The truth is it’s often not about complex chains or multi-turn conversations, but about crafting a single, potent one-shot prompt that gives the AI everything it needs to deliver exceptional results.
Most AI interactions produce generic results because most prompts are generic. Well-engineered prompts transform AI from a simple text generator into a strategic partner.
Here are examples that deliver exceptional results.
1. The agile strategist: from document to action plan
The Model: Anthropic Claude Sonnet 4
The Prompt:
<doc>...</doc>
Analyse the document above. It was AI generated so you need to look past the exact text into what is actually meant. I need you to think critically and propose a plan to solve the problem described (not necessarily in the way it is described). Organise the work in a 2-week discovery (to reduce uncertainty and to create an initial prototype), and then 4 one-week sprints to develop the most important features of the MVP. Think in an agile way, deliver value soon, iterate.
Why it’s 10x:
This prompt doesn’t just ask for a summary, it demands:
- Critical analysis: acknowledging the input document might be flawed (AI-generated) and requires deeper interpretation.
- Problem solving: moving beyond the document’s literal description to address the underlying issue.
- Strategic planning: requesting a structured, actionable plan (discovery + sprints).
- Methodology adoption: instructing the AI to “think in an agile way,” focusing on iteration and early value.
Instead of just telling you what the document says, the AI becomes a project planner, outlining how to tackle the problem effectively. This saves hours of strategic thinking and initial planning.
Key characteristics:
- Contextual awareness: “It was AI generated so you need to look past the exact text…”
- Role assignment: “Think critically,” “think in an agile way.”
- Specific framework: “2-week discovery,” “4 one-week sprints,” “MVP.”
- Clear goal: “Propose a plan to solve the problem.”
2. The automated release notes scribe: diff to done
The Model: DeepSeek R1
The Prompt:
Write the release notes based on the git diff below:
<diff>...</diff>
Why it’s 10x:
This is a simple yet incredibly powerful prompt for developers. Manually writing release notes is tedious, error-prone, and time-consuming.

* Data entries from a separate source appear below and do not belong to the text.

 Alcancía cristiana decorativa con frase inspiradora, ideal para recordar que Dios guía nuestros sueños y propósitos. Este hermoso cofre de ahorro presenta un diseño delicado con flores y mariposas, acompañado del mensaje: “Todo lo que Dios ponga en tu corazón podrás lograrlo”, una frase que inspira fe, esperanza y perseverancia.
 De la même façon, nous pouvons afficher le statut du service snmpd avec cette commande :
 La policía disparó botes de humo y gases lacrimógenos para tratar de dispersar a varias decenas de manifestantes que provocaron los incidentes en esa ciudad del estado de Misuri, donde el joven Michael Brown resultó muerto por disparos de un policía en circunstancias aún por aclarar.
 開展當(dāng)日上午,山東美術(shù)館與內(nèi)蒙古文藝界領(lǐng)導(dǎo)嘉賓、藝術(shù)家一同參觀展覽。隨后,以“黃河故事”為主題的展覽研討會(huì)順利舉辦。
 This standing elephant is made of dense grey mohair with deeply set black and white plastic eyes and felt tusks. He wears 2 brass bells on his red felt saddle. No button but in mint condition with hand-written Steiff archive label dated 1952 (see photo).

- Automation of a core task: directly translates technical changes into human-readable updates.
- Time savings: frees up developer time for coding rather than documentation.
- Consistency: ensures release notes follow a similar pattern based on the diff information.

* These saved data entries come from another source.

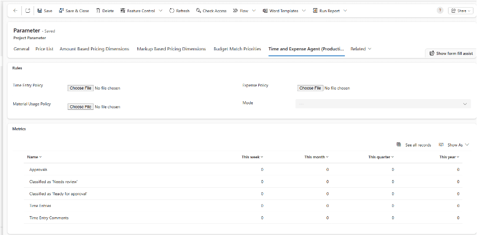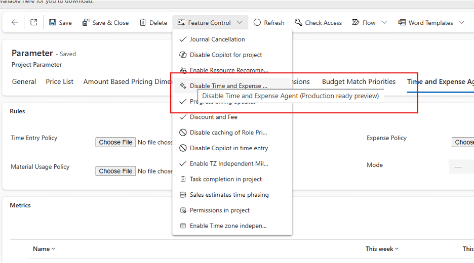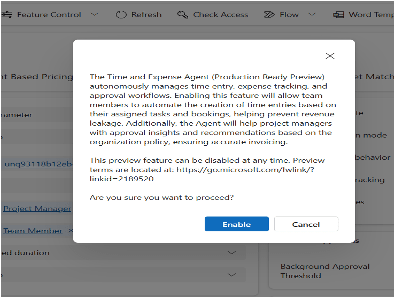 - Admins enable the Time and Expense Agent from Project Parameters → Feature Control.
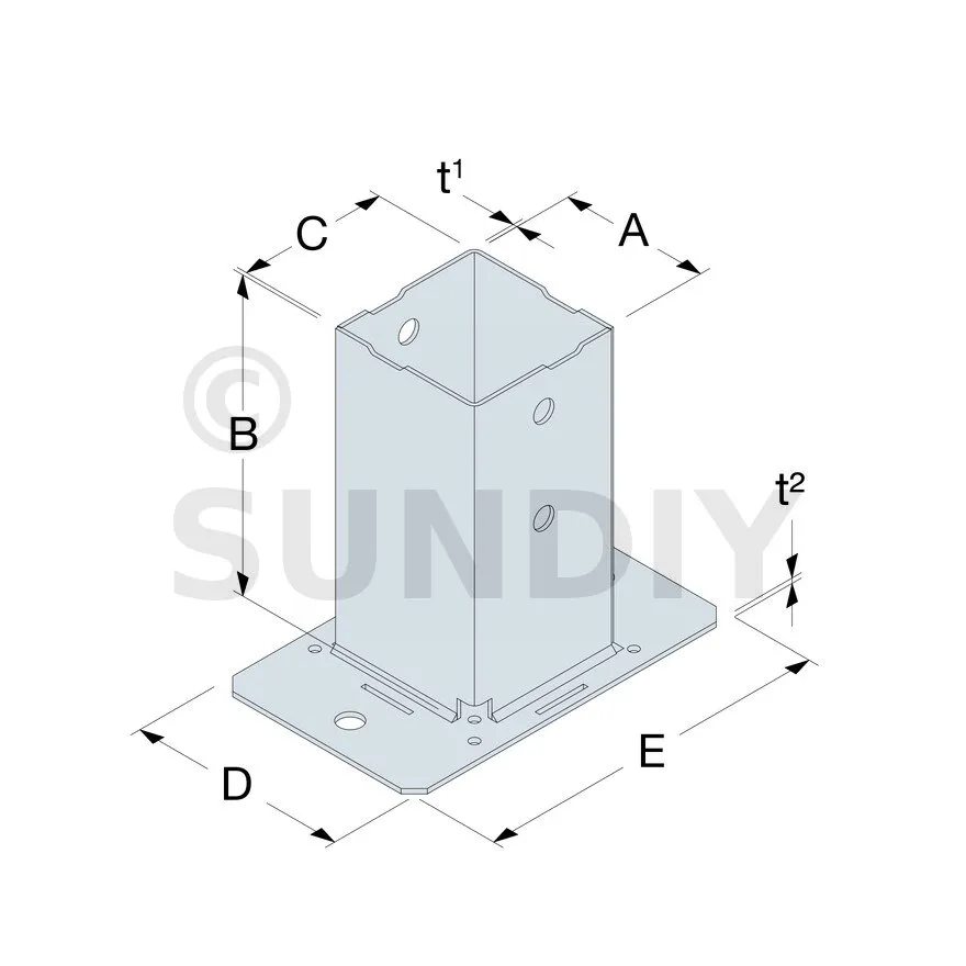 Le pied de poteau carré sur platine PPJBM est 100% fabriqué en France. Il est préconisé dans la réalisation de clôtures et structures légères de jardin, sur supports étroits pour des bois de 70 ou 90 mm. Grâce à sa platine rectangulaire et à des perçages centrés, le pied de poteau PPJBM est spécialement adapté à une utilisation sur muret ou bord de dalle.
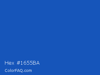 Hex #1655ba Color is a normal blue color and the nearest color is Sapphire #0f52ba. Hex code #1655ba and RGB value is rgb(22,85,186). In RGB color space, this color is composed of 9% red, 33% green, 73% blue, In CMYK color space, this color is composed of 88% cyan, 54% magenta, 0% yellow , 27% black , In HSL color space, this color has a hue angle of 217° , 79% saturation and 41% lightness.
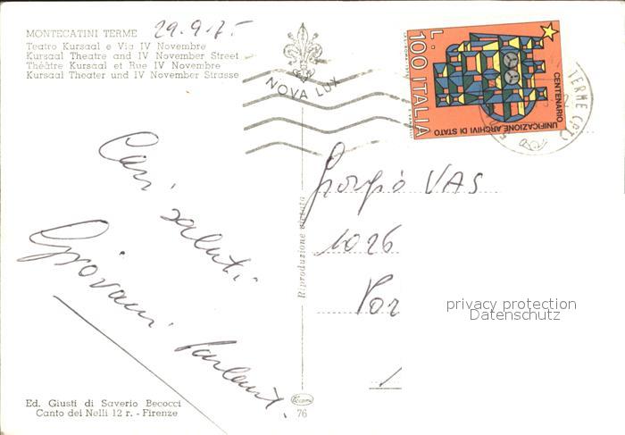 old postcard Montecatini Terme Teatro Kursaal e Via IV Novembre postalisch gelaufen Erhaltung siehe scans
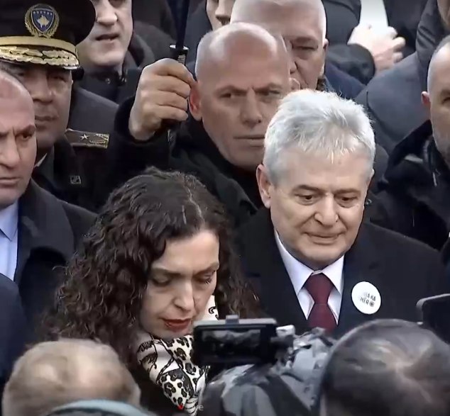Presidentja e Kosovës Vjosa Osmani pas përfundimit të ceremonisë së parakalimit për nder të pavarësisë së Kosovës, ajo i’u ka bashkangjitur protestës kundër gjykimit të ish krerëve të UÇK-së.

This prompt takes a raw, technical input and transforms it into a polished, user-facing output, streamlining a crucial part of the development lifecycle.
Key characteristics:
- Specific input format: Clearly states it’s working from a
. - Specific output format: “Write the release notes.”
- Direct instruction: No ambiguity in what needs to be done.
3. The multi-agent code refactor: optimising with precision
The Model: Anthropic Claude Sonnet 4 (Claude Code)
The Prompt:
This code is getting quite big and complex. Use 3 parallel agents to cleanup and optimise the code while maintaining the same functionality. You need to remove more code than you add.
Why it’s 10x:
Code refactoring and optimisation can be a daunting task. This prompt leverages the AI’s ability to process and restructure code at scale.
- Tackling complexity: addresses large, complex codebases that might be overwhelming for a human to refactor quickly.
- Conceptual parallelism: “Use 3 parallel agents” instructs the AI to consider multiple approaches or facets of optimisation simultaneously (e.g., one agent for readability, one for performance, one for dead code removal). Claude Code can actually spin up separate agents, processing the task in parallel.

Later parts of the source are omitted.